According to a press release today, Monday 30 October, the agency is partnering Financial Services Agency of Japan (FSA), the Swiss Financial Market Supervisory Authority (FINMA) and the United Kingdom’s Financial Conduct Authority (FCA) to advance digital asset pilots in fixed income, foreign exchange and asset management products.
Tagged Project Guardian, the initiative has MAS collaborating with 15 financial institutions to carry out industry pilots on asset tokenization in fixed income, foreign exchange, and asset management products.
“These pilots have demonstrated the potential to reap significant market and transaction efficiencies from the use of tokenization. As the pilots grow in scale and sophistication, there is a need for closer cross-border collaboration among policymakers and regulators. MAS has therefore established a Project Guardian policymaker group comprising FSA, FCA and FINMA,” the press release stated.
Specifically, the collaboration aims to Advance discussions on legal, policy and accounting treatment of digital assets and identifying potential risks and possible gaps in existing policies and legislation relevant to tokenized solutions;
It also seeks to explore the development of common standards for the design of digital asset networks and market best practices across various jurisdictions and promote high standards of interoperability to support cross-border digital assets development
In addition, the collaboration will facilitate industry pilots for digital assets through regulatory sandboxes where applicable and promote knowledge sharing among regulators and industry experts.
Developing a Common Regulatory Framework
There have been independent efforts by different countries to regulate cryptocurrencies.
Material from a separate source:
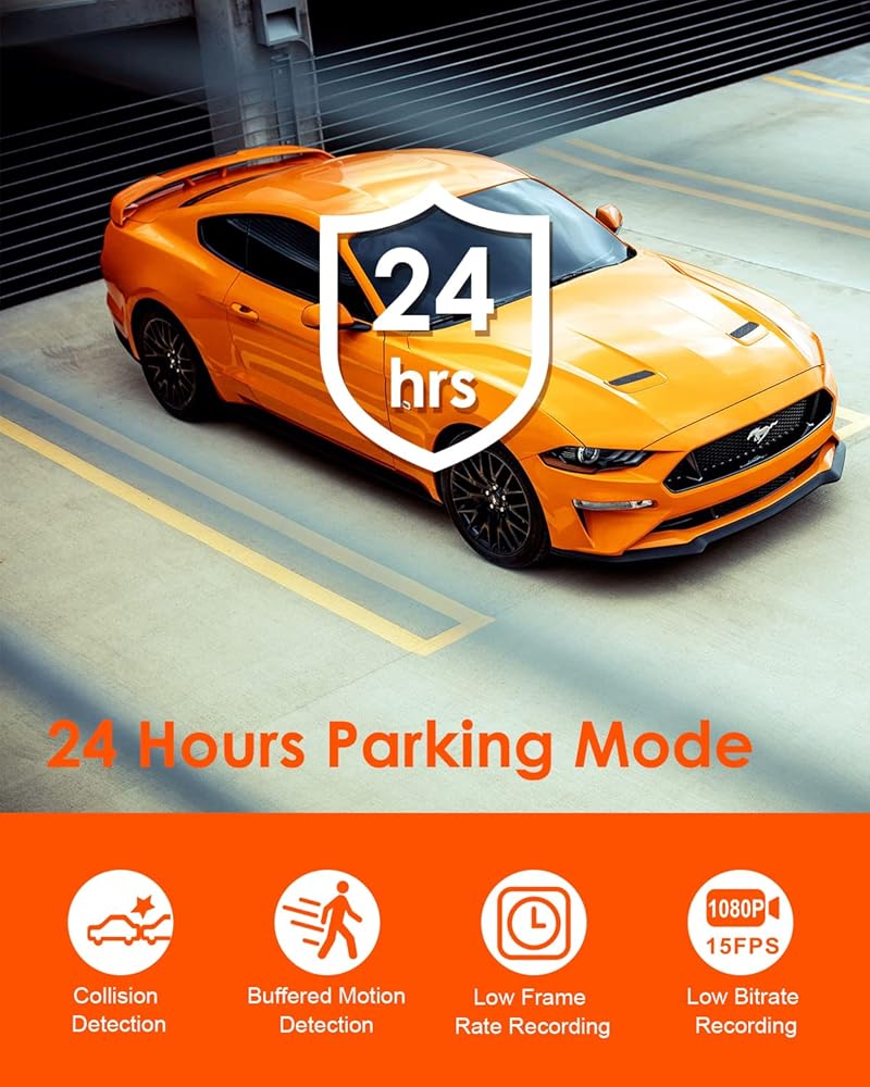 وضع ركن السيارة لمدة 24 ساعة: سيتم التبديل تلقائيًا إلى وضع ركن السيارة أثناء ركن سيارتك. يمكن تشغيل اكتشاف الاصطدام أو اكتشاف الحركة المخزنة عن طريق التأثير أو الحركة، ويستمر وضع معدل البت المنخفض أو معدل الإطارات المنخفض في التسجيل بشكل مستمر مع استهلاك منخفض للطاقة. إذا كانت سيارتك متورطة في حادث اصطدام وهرب أثناء ركنها، أو حاول شخص ما سرقة سيارتك، فإن كاميرا لوحة القيادة هذه ستوفر حماية على مدار الساعة لراحة البال القصوى مع 4 أنواع من أوضاع ركن السيارة.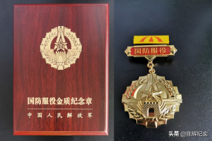——国防服役纪念章。此纪念章是由中国人民解放军总政治部根据《中国人民解放军纪律条令》的有关规定设计制作的,在2011年8月1日起全军正式启用的纪念章。

However, these efforts haven’t yielded much results on their own. This has necessitated the creation of a regulatory framework for regulation of crypto in many countries.
MAS’ partnership with European regulators is aimed at helping to bring common regulatory standards to help regulate crypto among the partner countries. Commenting on the collaboration, Deputy Managing Director (Markets and Development), MAS, Mr Leong Sing Chiong said:
“MAS’ partnership with FSA, FCA and FINMA shows a strong desire among policymakers to deepen our understanding of the opportunities and risks arising from digital asset innovation. Through this partnership, we hope to promote the development of common standards and regulatory frameworks that can better support cross border interoperability, as well as sustainable growth of the digital asset ecosystem.”
Singapore’s Crypto Stance
Singapore is one of the countries that are most welcoming to cryptocurrencies in the world. The country has made significant progress in making its environment conducive for crypto companies. No wonder many of them have acquired regulatory licenses there recently, including Coinbase, Ripple, and many other exchanges.
As it turns out, lack of regulation is one of the biggest hindrances to the growth of the crypto industry, but Singapore is pursuing regulation to facilitate the growth of the industry, not just in its jurisdiction but also in the countries that are involved in this partnership.
Already, European countries are working on MiCA, a comprehensive regulatory framework that will help regulate cryptocurrencies in the entire European region with the exception of the UK. The UK itself is working on drafting regulations for the industry.
The country has released a policy for the regulation of stablecoins, which will bring fiat-backed stablecoins under the same regulatory provisions as the mainstream financial system, since the country intends to incorporate stablecoins into its payment chains.